A few years after the end of my first marriage at age 38, I began volunteering for the domestic violence charity that helped me leave my first marriage. At the end of their annual gala fundraiser, I met Kim, the organizer. She planned the entire auction, which raised over $500K. As we talked, I shared that I was volunteering because my first marriage was abusive. She listened. She was empathetic, maternal. And a volunteer.

“How do you find the time to do all of this?” I asked.

“Love didn’t work out for me,” Kim said. In her early 50s, she is single, and doesn’t have children. “So I use my extra time to give back in different ways.”

Kim’s response was like a warm embrace, something I’d been seeking.

A year later, I met and married a wonderful man, who for his own complex and personal reasons did not want children. I knew he was special, but that life with him wouldn’t be everything I was conditioned to hope for—all those childhood games with dolls and strollers were going to come to naught. I found myself grieving for the child I never had.

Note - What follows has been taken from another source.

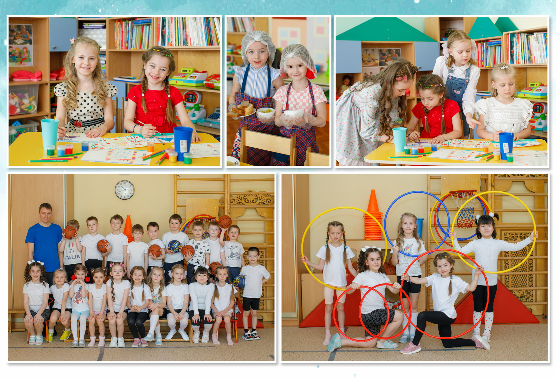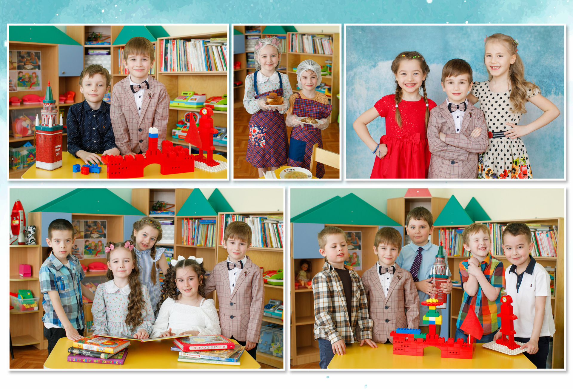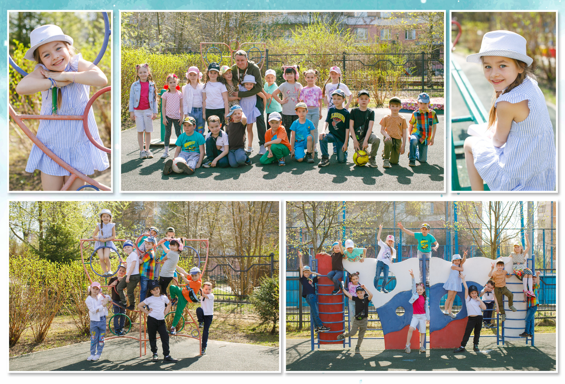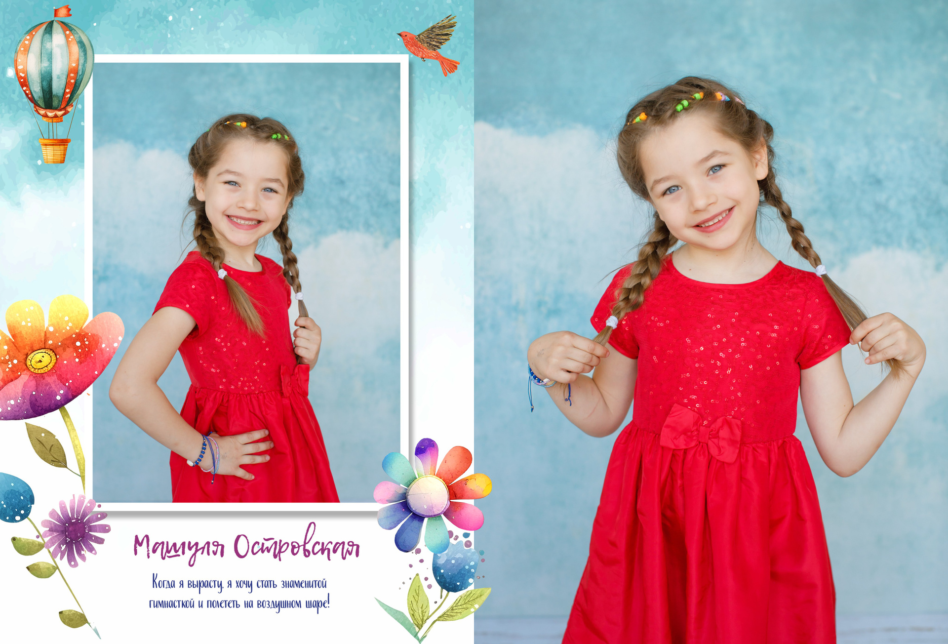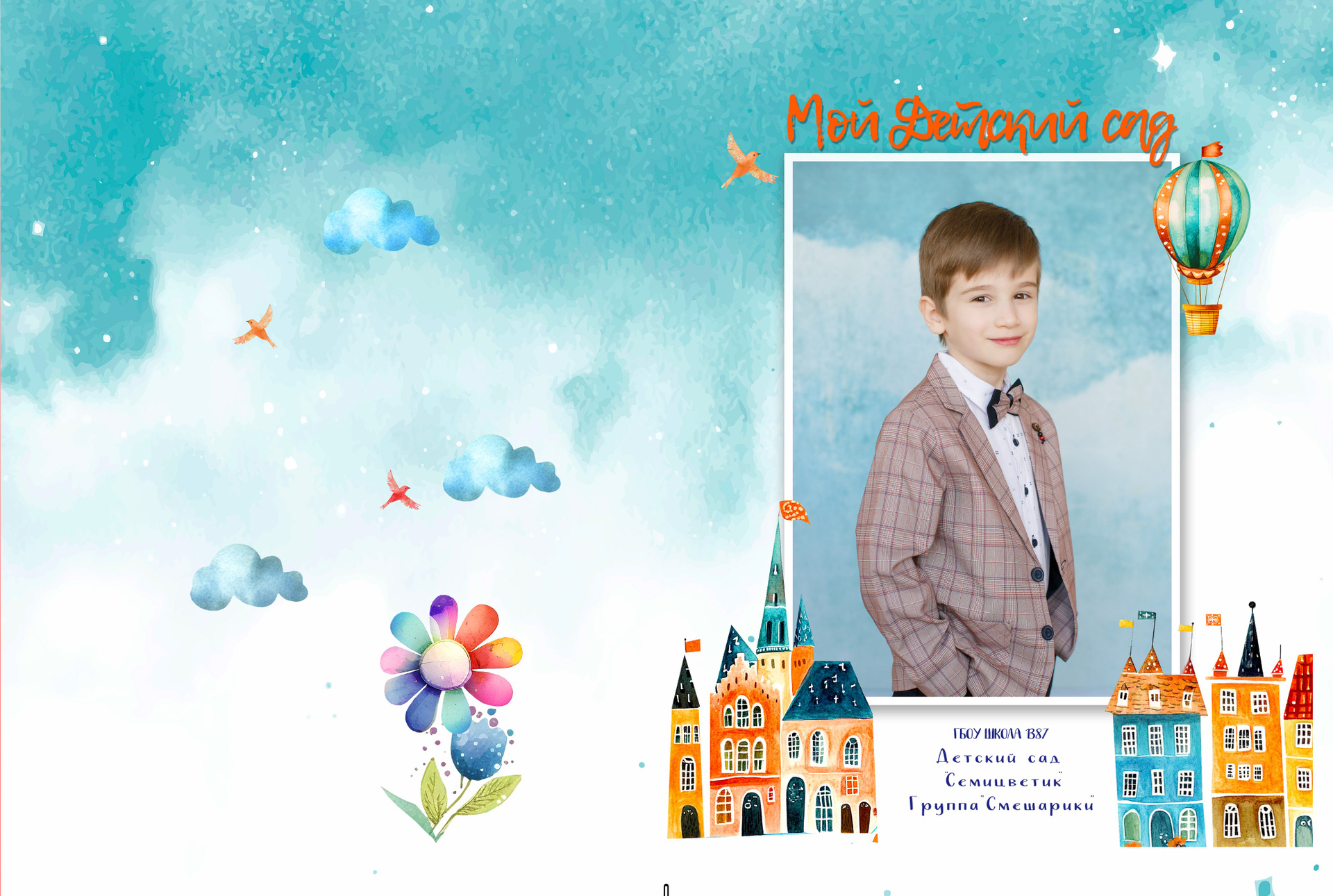 Индивидуальная обложка, 3 личных разворота, 1 разворота виньетки (портреты всех детей и воспитателей).

We had a wedding reception in London, where I grew up, and my oldest friends from school and college joined us to celebrate. Most of them are now mothers. My dear friend Jo sipped her gin and tonic and said:

“I feel so completed now! I could die happy knowing I have kids.”

I felt the familiar prick in my eyes. The creeping feeling that there was a club called “motherhood” that I would never be a part of. My friends were leaving me behind, going through the door, and I would always be outside, unable to take part in the conversations about feeding, sleeping, and schoolwork. The one who didn’t grow up. Who kept spending my disposable income on vacations and clothes and pretty drinks instead of diapers and college tuition.

I swirled the Prosecco in my fluted glass and thought about how happy I was to have a second chance at love. And how my friends welcomed me to be part of their kids’ lives. Of all the things I was doing with my time and my disposable income to help children and families.

I was now part of the gala fundraising committee for the domestic abuse charity. I was mentoring abused women and children at a local shelter, where I also ran a weekly crochet class. I took a volunteer lead role with Moms Demand Action for Gun Sense in America, knowing from my work with domestic violence survivors how deadly the combination of an abuser and a gun could be for children. A friend who knew my struggles with fertility said to me one day: “It’s interesting that you chose to give so much of your time to that organization…” She meant that the volunteers called themselves “Moms.”

Women don’t have children for a lot of reasons. Some of us can’t. Either for medical reasons, illness, or we’re simply not equipped.

Some women didn’t meet the right person in our child-bearing years, or we did, and they already had children, couldn’t, or didn’t want to have them.

Some women don’t want children.

Acceptance takes time, but I’m glad to now be a woman who is happily all three.

As I stood with my old friends at my second wedding reception, for the first time I didn’t retreat into silence, polite laughter, or head for the bathroom stall. Instead, I said and meant with all my heart, “I’m really happy for you. As for myself, I’m okay with not having kids. The world needs at least a few women without children.”